Aber trotz allem vergangenen Glanz und Gloria ist Rheinfelden in der Altstadt ein kleines Bijou. Ergo sehens- und erlebenswert. 

Basel heizt ein

In Basel führt die Wärme eine Fernbeziehung. Diese wird in Röhren gepresst und dann kilometerweit in die entsprechenden Körper zum Einheizen geschickt. Der Weg der Röhre führt 20 Meter aber auch unter dem Rhein hindurch. Durch einen grossen Tunnel bei der Dreirosenbrücke nämlich. Selbstverständlich wollen wir, die Investigativen der Klasse R4C, dies mit eigenen Augen sehen und mit vollem Körpereinsatz spüren. Denn wir glauben nichts, wir wollen wissen. Naja, auch damals vor 47 Jahren? ... aber das ist ein ganz anderes Thema. Also steigen wir erst mal ab. Eine Wendeltreppe führt hinunter und bei einigen von uns zu schwindligen Gefühlen, obwohl wir doch alle ehrliche Zeitgenossen sind. Und siehe da: Wir entdecken ungeheuerliche Zustände am Grunde des Rheins. Da sind viel mehr Röhren, als wir erwartet hätten. Diese grosse schwarze Dicke zum Beispiel führt trinkbares Wasser mit sich. Vom Gross- ins Kleinbasel. Ach, da ist ja noch eine kleine Gelbe mit dem unscheinbaren Hinweis: «Erdgas». Na sieh mal an, was die Recherche mit Klasse und der Formel R (Recherche)  + 4 (Vier alle) = C (Chaos) ergeben hat. Der Auftrag ist abgeschlossen und die Investigativen schlängeln sich die schmalen Stufen ans Glaibasler Tageslicht empor. Uff, geschafft. 

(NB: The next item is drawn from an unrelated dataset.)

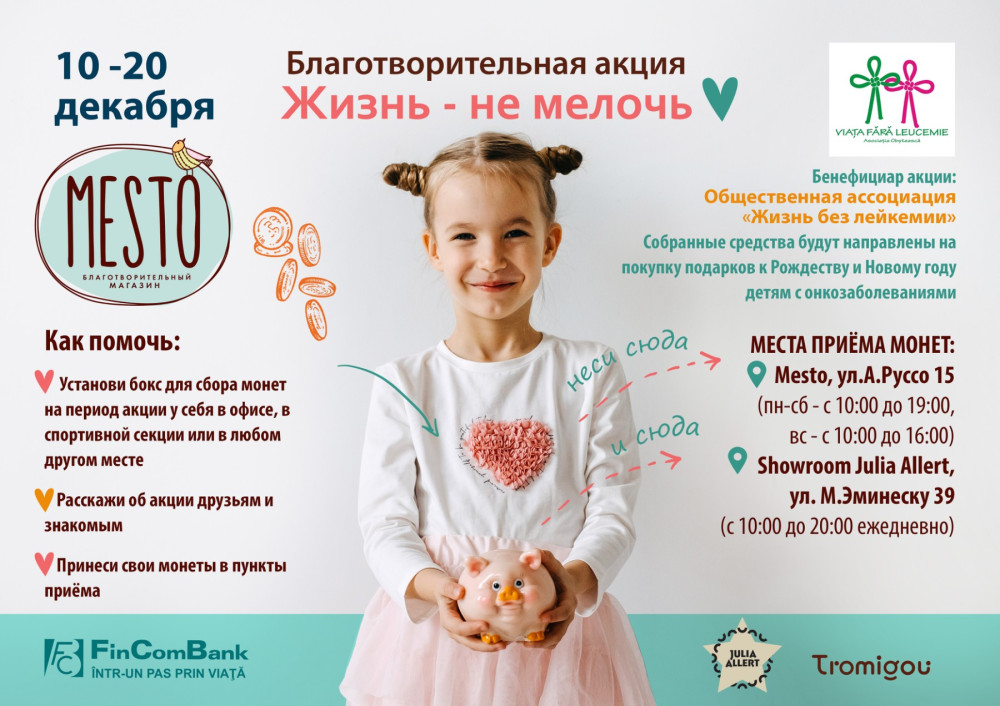 В этом году собранные монеты также будут переданы Общественной ассоциации «Viața fără leucemie». Это союз родителей, чьи дети прошли через трудности лечения онкозаболевания. Организация приобретет подарки, о которых мечтают маленькие пациенты детских онкологических отделений.

Good Times. Old Times. Right Times. 

Die Fotos der Vergangenheit gehören ihr zwar an, sorgen aber auch heute noch für viel Gelächter und noch mehr Gerüchte. Da sind Aufnahmen zu sehen, die bei einigen Gesichtern doch ein paar Ahnungen geweckt zu haben scheinen. Aber vor allem hatte das OK Klassentreffen viel Ahnung, wie sich ein solch langer Tag mit etwas angegrauten, aber unternehmungslustigen Sechzigern organisieren lässt. 

Ein durch und durch entspannter, aber spannender Tag mit Klasse.